Os países-membros da Otan são responsáveis, em sistema rotativo, por disponibilizar suas tropas para entrar em ação onde for necessário. Em princípio, estas tropas ficam estacionadas em seus países de origem, a postos para serem enviadas, caso seja necessário. Os soldados permanecem disponíveis por pelo menos seis meses. Antes deste período, passam por meio ano de treinos em companhia de tropas de outros países.

Grande contingente de soldados alemães

Gerhard Back

Gerhard Back, comandante da NRF

No momento, as Forças Armadas alemãs, sob o comando de Gerhard W. Back, disponibilizam o maior contingente de soldados para a NRF. "Nem todos os 26 mil soldados da nova tropa serão recrutados ao mesmo tempo", explica Back. Ao invés disso, eles estão divididos em várias unidades, cada uma com capacidades distintas, como transporte aéreo, desativamento de minas ou combate em terra. Isso faz com que os comandantes, dependendo da necessidade, possam acionar uma outra unidade da tropa.

"Pois não sabemos qual será a próxima missão da NRF, onde estará a próxima região em crise ou para onde seremos enviados. Mas, se isso acontecer, posso colocar em ação o contingente adequado", diz Back.

As missões da Força de Resposta serão definidas pela Otan dependendo de cada situação. Ou seja, as tropas da aliança militar não devem permanecer em regiões de crise a longo prazo, como os "capacetes azuis" da ONU, por exemplo, mas, quando muito, preparar o terreno para a ação de forças internacionais de paz.

Afeganistão e Líbano?

O financiamento das novas tropas ainda é um ponto polêmico dentro da Otan. Países menores e economicamente menos representativos dentro da aliança defendem um sistema, segundo o qual todos os membros dão a contribuição que podem para financiar as missões das tropas. De um fundo comum seriam então tirados os recursos necessários para as missões.

Já países como a Alemanha defendem a perpetuação do atual sistema de financiamento da aliança, segundo o qual cada país arca com as despesas de seus próprios soldados, quando estes são recrutados para agir em nome da Otan. O secretário-geral Jaap Hoop de Scheffer vê a discussão com otimismo: "Chegamos a um ponto, a partir do qual vamos encontrar um equilíbrio sobre o quanto cada país deverá pagar e o que deve sair do orçamento geral da Otan".

Em seus tempos de preparação, a NRF só foi enviada para auxiliar vítimas de um terremoto no Paquistão e do furacão em Nova Orleans, nos EUA. Críticos da criação da Força de Resposta Rápida temem que, uma vez a postos para agir em qualquer região, a Otan queira ampliar o leque de ação das tropas.

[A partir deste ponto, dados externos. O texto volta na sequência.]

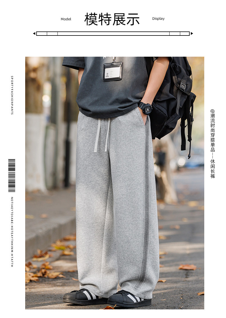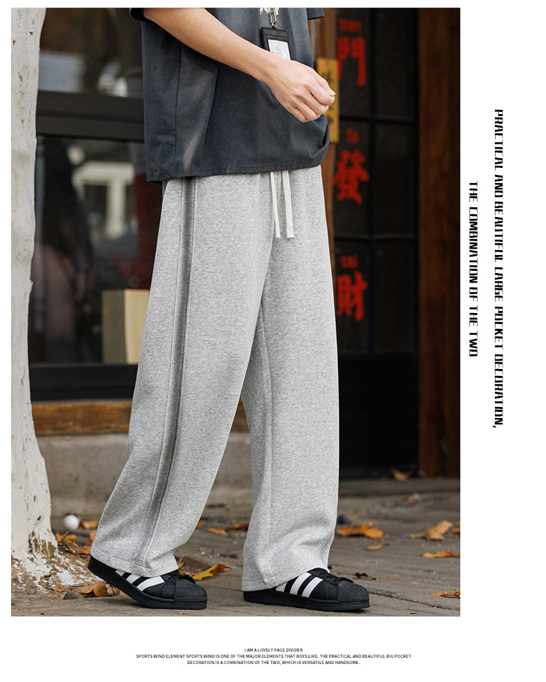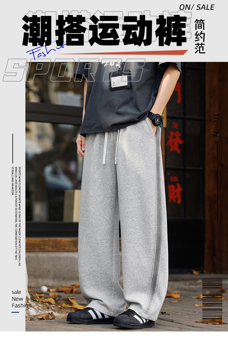 Wassup Dozen Trendy Brand 2026 New Model Curved Hem Sweatpants Unisex Loose Straight Drawstring Casual Pants for Men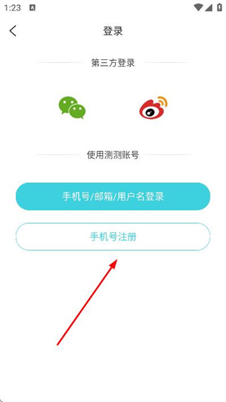 2、在登录选择界面选择手机号注册,进入注册页面。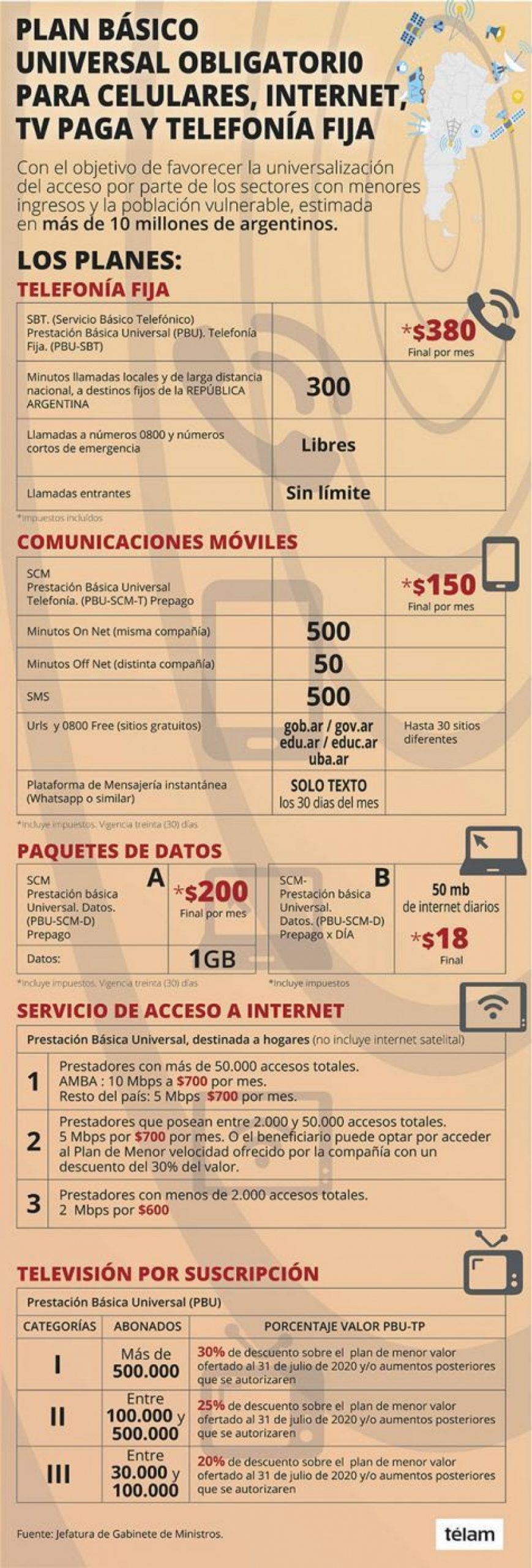 En el caso de la telefonía móvil tendrá un precio de $150 bajo el sistema prepago, mientras que en la telefonía fija será de $380 por mes. La prestación se implementará desde el 1 de enero

Um envio da NRF ao Líbano ou ao Afeganistão, porém, foi, pelo menos até agora, revidado pelos 26 países-membros da aliança. No caso da Alemanha, antes que os soldados do país sigam para qualquer região, o envio tem que ser aprovado pelo Parlamento. Para muita discussão, no entanto, não sobra tempo. Pois as regras ditam que, uma vez recrutados, os soldados da NRF têm que seguir dentro de cinco dias para o destino em questão.